#### WORK INSTRUCTIONS
From the material below, set down exactly the lines that run from the one containing "Nu had ik ook" to the one containing "1月27日,阿依努尔·阿巴斯", minus the pictures.

#### TASK INPUTS
--------------------

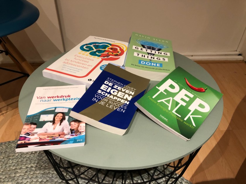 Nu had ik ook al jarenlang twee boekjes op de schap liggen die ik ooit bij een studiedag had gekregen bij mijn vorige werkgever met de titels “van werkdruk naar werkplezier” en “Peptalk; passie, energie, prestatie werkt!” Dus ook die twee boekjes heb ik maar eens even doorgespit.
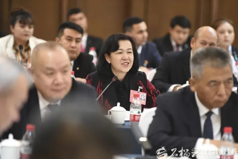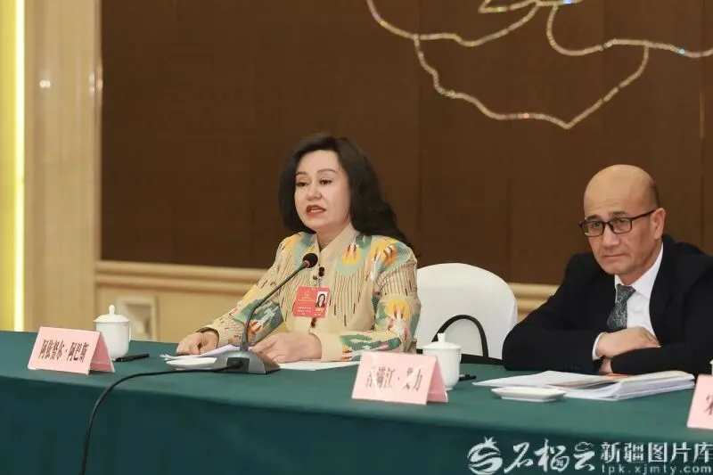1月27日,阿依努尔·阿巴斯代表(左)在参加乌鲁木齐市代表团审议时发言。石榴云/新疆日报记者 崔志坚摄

--------------------

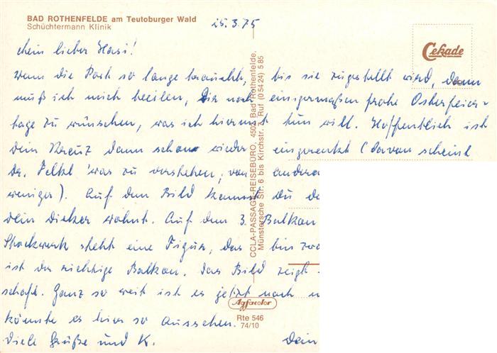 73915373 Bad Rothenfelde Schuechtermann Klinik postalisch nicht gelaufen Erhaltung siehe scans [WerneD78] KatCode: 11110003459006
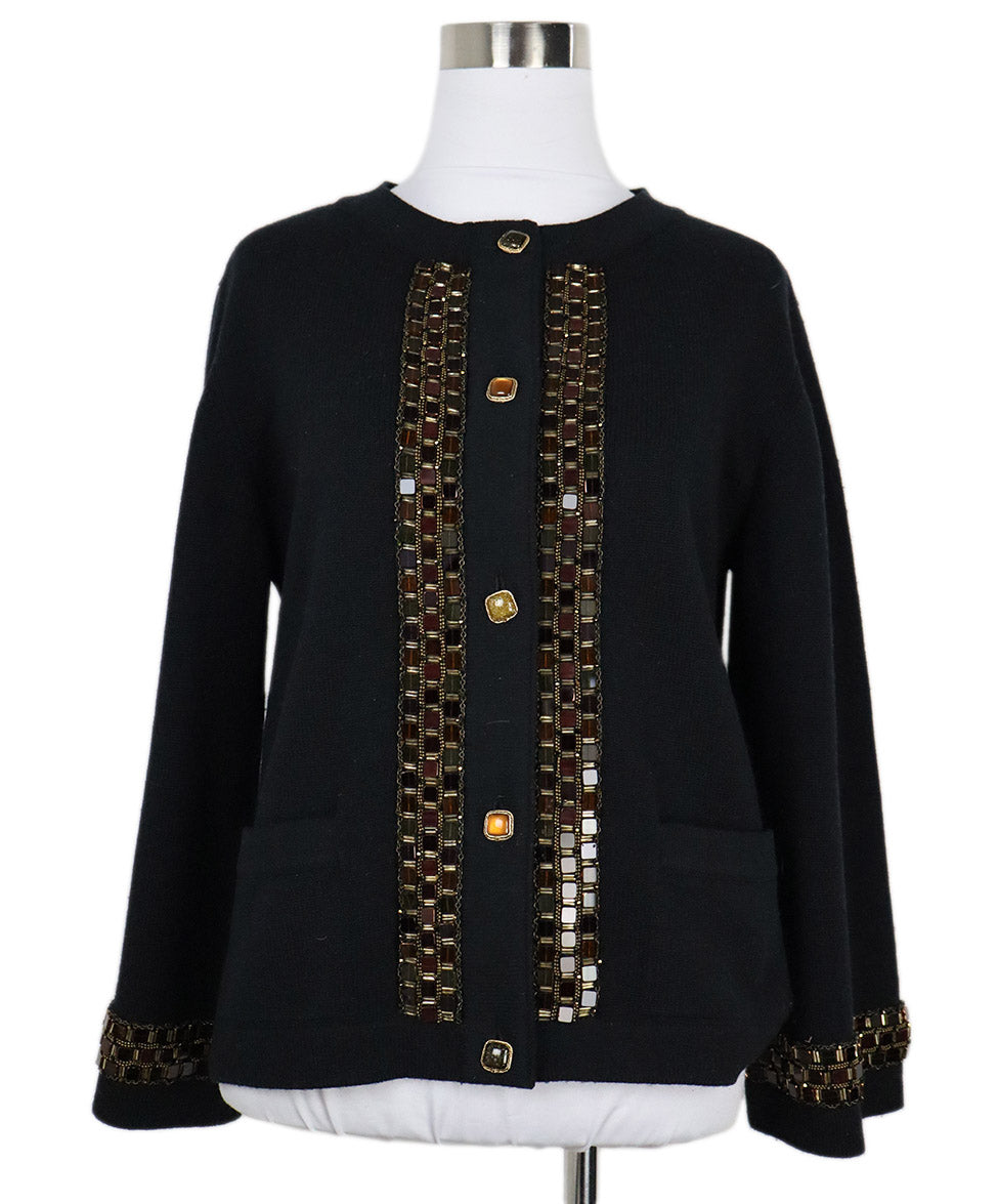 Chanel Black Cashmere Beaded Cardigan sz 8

--------------------

#### OUTPUT FOR THIS TASK
 Nu had ik ook al jarenlang twee boekjes op de schap liggen die ik ooit bij een studiedag had gekregen bij mijn vorige werkgever met de titels “van werkdruk naar werkplezier” en “Peptalk; passie, energie, prestatie werkt!” Dus ook die twee boekjes heb ik maar eens even doorgespit.
1月27日,阿依努尔·阿巴斯代表(左)在参加乌鲁木齐市代表团审议时发言。石榴云/新疆日报记者 崔志坚摄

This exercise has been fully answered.